Stored items
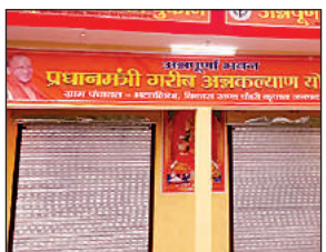
अन्नपूर्णा भवन। अमृत विचार

बनकर तैयार हुए अन्नपूर्णा भवन से मार्च माह में खाद्यान्न वितरण किया जाएगा। जनपद में 44 अन्नपूर्णा भवन बनकर तैयार हो गए हैं। जिनका लोकार्पण मुख्यमंत्री ने वचुआल किया था अब यह लाभार्थियों के लिए सौंप दिए गए हैं। जिले में 75 अन्नपूर्णा भवन बनने हैं, जिनमें से 44 बनकर तैयार हो गए हैं। विकासखंड झंझरी के रामनगर तरहर में बना अन्नपूर्णा भवन लोकार्पण के लिए मुख्यमंत्री द्वारा किया गया। विकासखंड झंझरी के रामनगर तरहर, चक्सड रुपईडीहा के बिछुड़ी, बेलवाभान बहली जोत मुजेना विकासखंड में
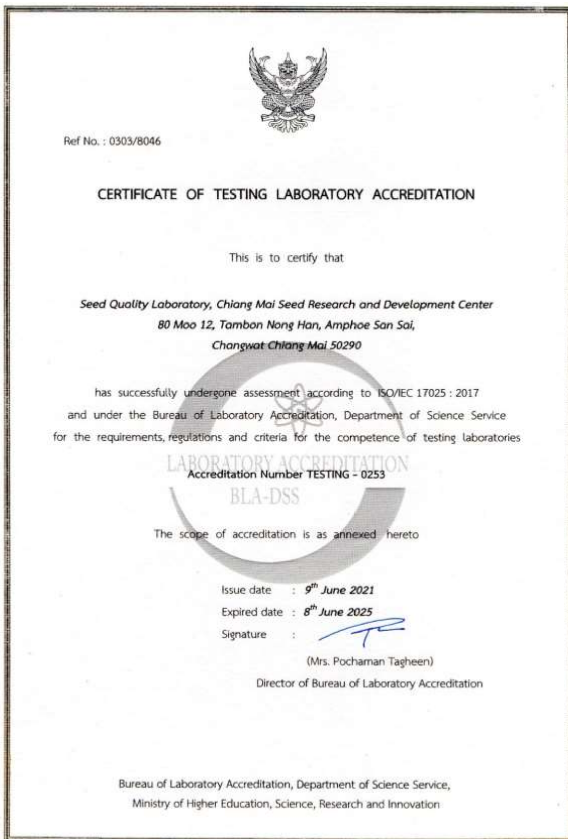
ภาพที่ 2 หนังสือรับรองความสามารถห้องปฏิบัติการทดสอบของห้องปฏิบัติการตรวจสอบคุณภาพเมล็ดพันธุ์ ศูนย์วิจัยและพัฒนาเมล็ดพันธุ์พืชเชียงใหม่
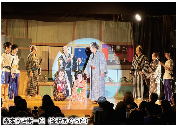
森本商店街一座 (金沢おぐら座)
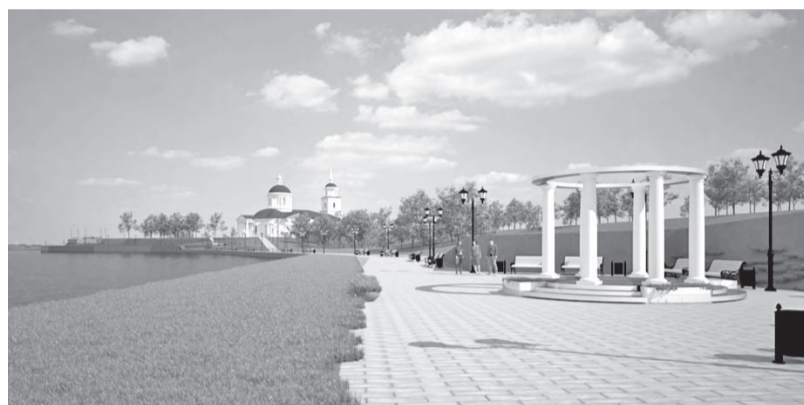
II этап I очереди Набережная р. Исеть около Храма Святой Троицы

С 15 апреля по 31 мая 2023 года пройдет рейтинговое онлайн-голосование в рамках реализации Федерального проекта «Формирование комфортной городской
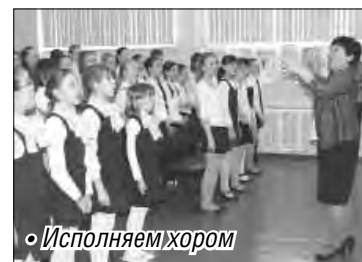
◦ Исполняем хором

Это не битва хоров и не смотр-конкурс, призванный определить лучшую певческую команду определенной школы.
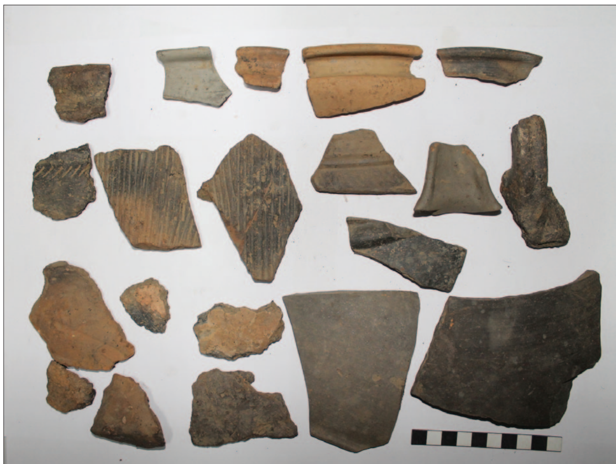
Sl. 3 Izbor ulomaka kasnolatenskih posuda iz SJ 34
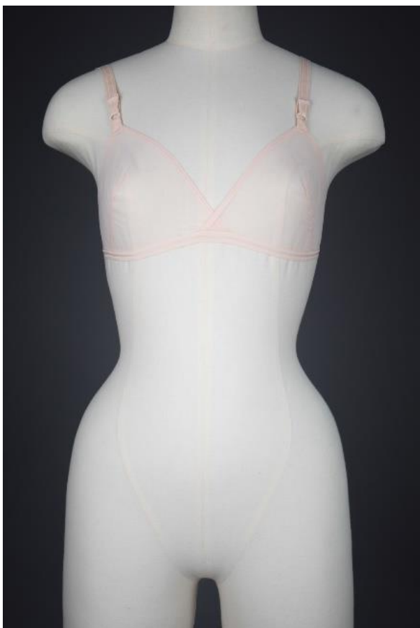
Slika 13. „No Bra“ prozirni najlonski grudnjak dizajnera Rudija Gernreicha za Exquisite Form, 1965., najlon, UM-2017-042.

Novi odjevni predmet pojavio se 1970-ih godina. „Duge dnevne haljine, poznate kao "baka haljine," bile su popularne među mladima 1970-ih. Čini se da su proizašle iz mod i hipi stilova.“ (Tortora, Eubank, 2010:553). „Kombinacije hlača i jakni uvedene su odmah nakon sredine 1960-ih za dnevnu, poslovnu i večernju odjeću.“ (Tortora, Eubank, 2010:553). Žene su također nosile večernje haljine koje su bile i duge i kratke. „Odišla s hlačama od dekorativnih tkanina i punih nogavica također su se nosila za večernje prigode, kao i široke hlače od mekanih tkanina, koje su nosile modni naziv "palazzo hlače.““ (Tortora, Eubank, 2010:554).
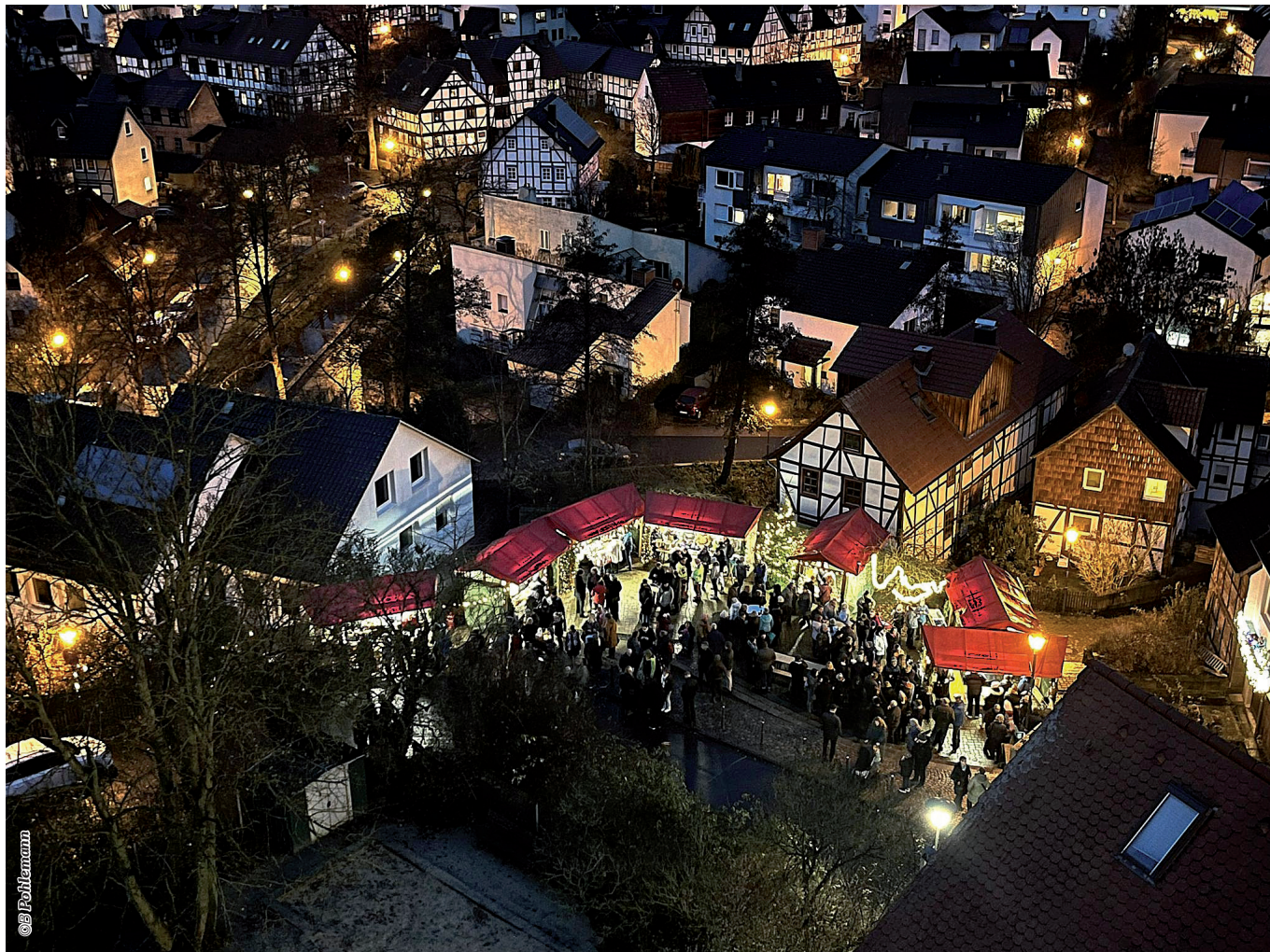
Märchenviertel Niederzwehren mit traditionellem Weihnachtsmarkt aus der Sicht des Türmers

Wir wünschen allen Mitgliedern und Freunden der TSG 87 eine schöne Weihnachtszeit und einen guten Rutsch ins Jahr 2026.
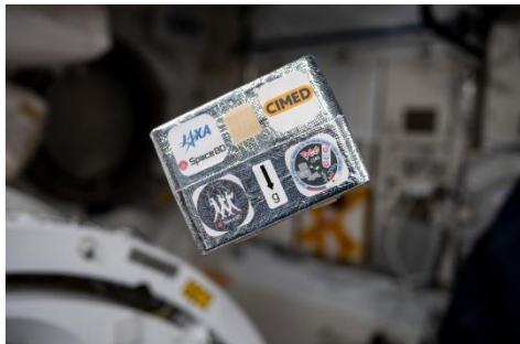
ISS に運ばれた低温高品質タンパク質 結晶生成実験サンプル(イメージ)
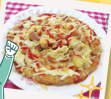
あまったごはんで作る! ライスピザ
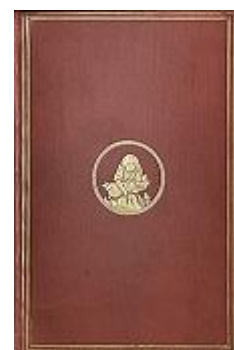
Alice in Wonderland van 1965.
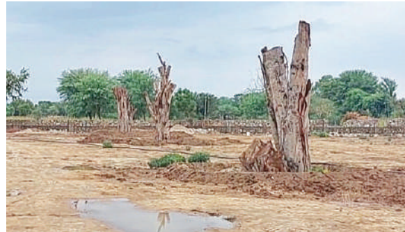
गोनेर ग्रास फार्म की 570 बीघा ज़मीन पर कब्जा करने के लिए काटे गए हरे-भरे पेड़।
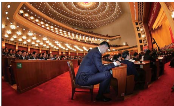
▶3日,全国政协十二届一次会议上,全国政协委员姚明在听会。

@疑似学者:安监局长掉泪了,工商局长掉泪了,那就行动起来吧!让你们负责的行业不再掉链子。
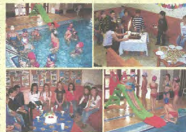
Születésnap bulik az uszodában

Három óra időtartamra vehetik igénybe az uszoda születésnap szolgálatát a gyerekek. Ebből az első két órában a tanmedence egyik felét bocsátjuk rendelkezésükre, a harmadik órában pedig terített asztal mellett lehet köszönteni, ajándékozni. Minden ünnepelt tizenöt főt hívhat meg a saját bulijára, így egyszerre legfeljebb tizenötven lehetnek a medencében természetesen szakember felügyelete mellett. Lehet üszni, csúszdázni, labdázni, vízi játékokat játszani, egyúttal mindent, ami a testi épségre nem veszélyes. A gyermek születésnapokat délutánra lehet kérni, általában 14-17 óráig. Zárás után azonban van lehetőség felnőtt rendezvényekre is . Mindkét uszoda várja cégek és magánberek jelentkezését a gyermekekéhez hasonló, de esti, felnőtt rendezvényekre. Lehet táncolni, bulizni, a legkülönbözőbb vízi és medenceparti vetélkedők is szóba jöhetnek, akárcsak az ilyenkor szokásos evés-ivás. Mindezekhez mindkét kerületi uszoda tudja biztosítani a feltételeket, és a biztonság kedvéért úszómesterről is gondoskodunk. A medencek partja emlékezetes helyszínre lehet mind családi évfordulók megünneplésének, mind céges rendezvényeknek.
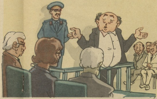
— თქმან ბრალად ბედაბათი თანადამბერის ბირობად გამოყენა- ბა! — შიშულბავალია მითულ ქალ-ღონს, ცოდნას და ენაობის ნათა- სავენიის და ნანერს-მამობრების კითრულღონისათვის ზრუნვას ვახმარდლი..
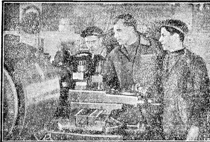
A népi demokráciákban nagy gondot fordítanak az ifjúmunkás káderek képzésére. A képzésükön éppen azt látjuk, hogy a bukaresti „Dinamo” villanymotorgyárban az ifjúmunkások megtanulják, hogyan kell kezelni a gyár számára érkezett új szovjet gépeket.
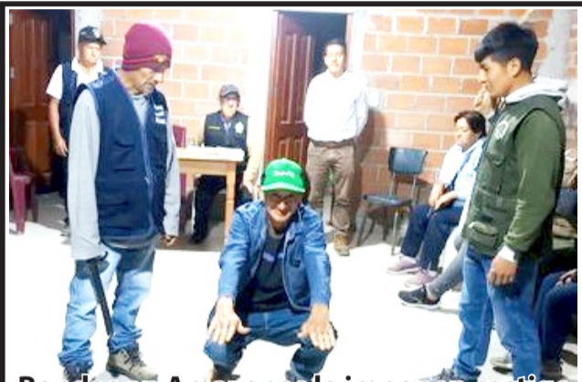
Rondas en Amazonas le imponen castigo
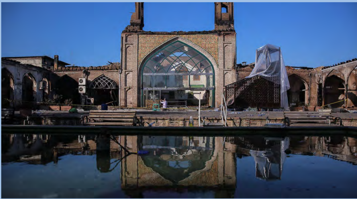
ویرانه‌های مسجد جامع ساری پس از آتش
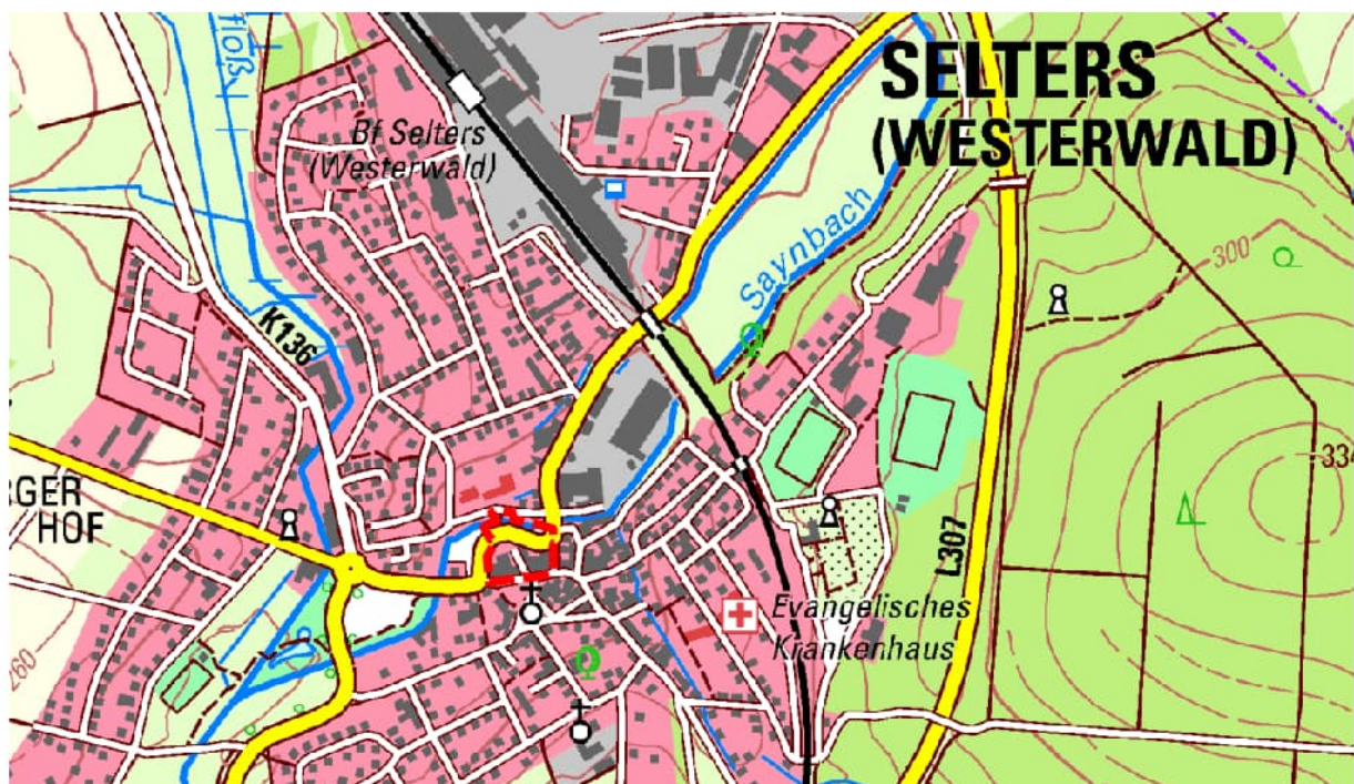
Lage des Plangebiets in der Stadt, Ausschnitt aus der TK25, unmaßstäblich

Im Süden grenzt das Gebiet entlang der Rheinstraße an den städtisch geprägten gemischt genutzten Bereich um den Marktplatz mit der Ev. Kirche Selters. Die östliche Grenze ist durch den historischen Gebäudebestand der Bahnhofstraße geprägt. Den westlichen Abschluss bildet der geschwungene Verlauf der Bahnhofstraße, jenseits der Straße liegen großflächige Stellplatzanlagen. Im Norden wird das Plangebiet, mit Ausnahme einer Teilfläche, die über den Bach hinaus in die nördliche Uferzone hineinragt, durch den Saynbach begrenzt. Nördlich davon liegt das Gebäude der Verbandsgemeindeverwaltung sowie nordöstlich der Gebäudekomplex des Saynbach-Centers.
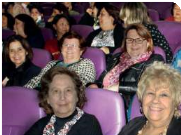
Plenária com cerca de 250 participates

Aos que tiverem interesse em obter informações detalhadas sobre os dados apresentados no evento, solicitar às Associações.
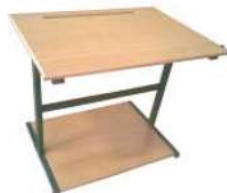
Ref. 041 Table imprimante Dim : 80x60x75
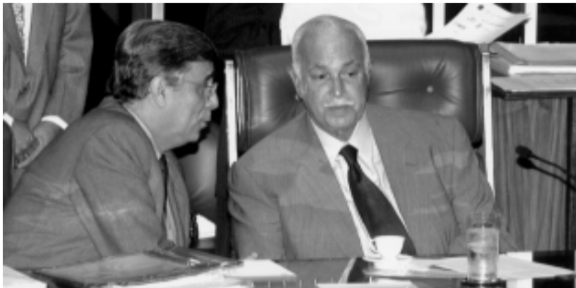
Antonio Carlos, ao lado de Elcio Alvares, recebeu ofício em que Mendonça de Barros se dispõe a prestar esclarecimentos sobre o processo de privatização da Telebrás

O ministro enfatizou, no comunicado, a gravidade com que se reveste a matéria, justificando seu interesse em se oferecer para prestar os esclarecimentos que se fizerem necessários. A iniciativa do ministro foi elogiada pelo líder do Bloco Oposição, senador Eduardo
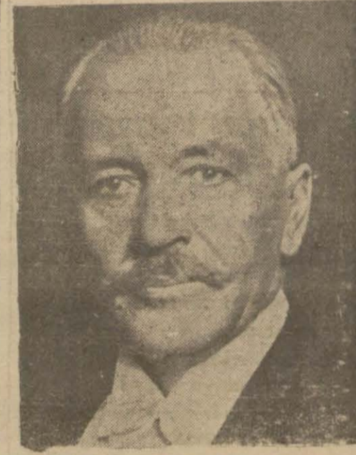
Lehistan Cümhar Reisi M. İngas Mosiski

Paris, 17 (Husus) — Lehistanın Yukarı Silezya kısmında Yahudilere karşı kanlı tecavüzlere girişildiği hakkında buraya çok heyecanlı haberler gelmektedir. Bu tecavüzlerin Yukarı Silezyanın Alman ehali tarafından tertip edildiği öğrenildikten sonra mesele bir kat daha mühimleşmiştir. Verilen tafsilattan çıkarılan manaya göre, Yukarı Silezya Almanlarının geniş mikyasta bir Yahudi katliamı teşebbüsünde bulduklarına inanmak lâzım geliyor. Almanyada Musevi aleyhtarları olan Hitler fırkasının iktidar mevkiine geçmesiyle birlikte zuhur eden bu kanlı hadiseler siyasi mahafilde son derecede ehem-
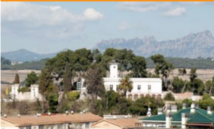
VISTA GENERAL DE CAN FERRER DEL MAS
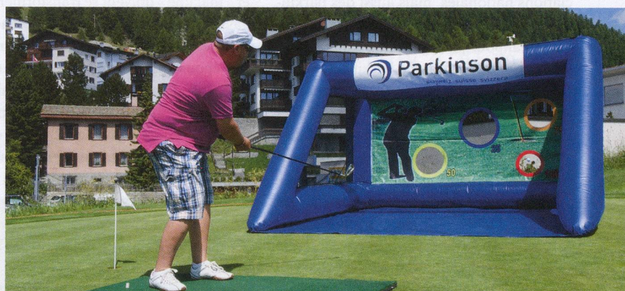
Un trou plein de suspense : les amateurs de golf ont donné 27 000 francs !
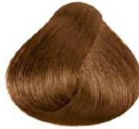
طلایی تیره متوسط Dark Golden Blonde Biondo Scuro Dorato
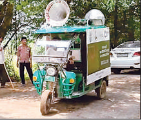
ग्रामीणों को जागरूक करता वन विभाग का वाहन।
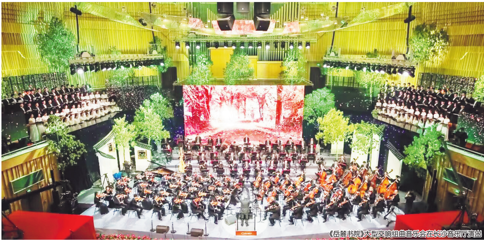
《岳麓书院》大型交响组曲音乐会在长沙音乐厅演出

岳麓书院历经千载弦歌不绝,今天依然游客如过江之鲫,膜拜顶礼者潮涌,其真正的生命力还在于思想。是“实事求是”这一巨大思想贡献,使岳麓书院以强大无比的历史穿透力,获得了永存魅力。正如习近平总书记于2020年9月考察湖南时指出的:“岳麓书院是党的实事求是思想路线的一个策源地和重要影响的地方。”中共长沙市委宣传部紧扣这一思想文化精髓,牵头组织创作了大型交响组曲《岳麓书院》,邀请作曲家廖勇先生作曲,指挥家余隆先生执棒,今年首演并获得巨大成功。音乐会所极力展现的,正是“实事求是”这一核心意象,仿若与那块高挂书院讲堂中心的匾额“实事求是”交相辉映。

Exercise instructions
Every line that contains the string "岳麓书院" should be copied from the entries.

Output
《岳麓书院》大型交响组曲音乐会在长沙音乐厅演出
岳麓书院历经千载弦歌不绝,今天依然游客如过江之鲫,膜拜顶礼者潮涌,其真正的生命力还在于思想。是“实事求是”这一巨大思想贡献,使岳麓书院以强大无比的历史穿透力,获得了永存魅力。正如习近平总书记于2020年9月考察湖南时指出的:“岳麓书院是党的实事求是思想路线的一个策源地和重要影响的地方。”中共长沙市委宣传部紧扣这一思想文化精髓,牵头组织创作了大型交响组曲《岳麓书院》,邀请作曲家廖勇先生作曲,指挥家余隆先生执棒,今年首演并获得巨大成功。音乐会所极力展现的,正是“实事求是”这一核心意象,仿若与那块高挂书院讲堂中心的匾额“实事求是”交相辉映。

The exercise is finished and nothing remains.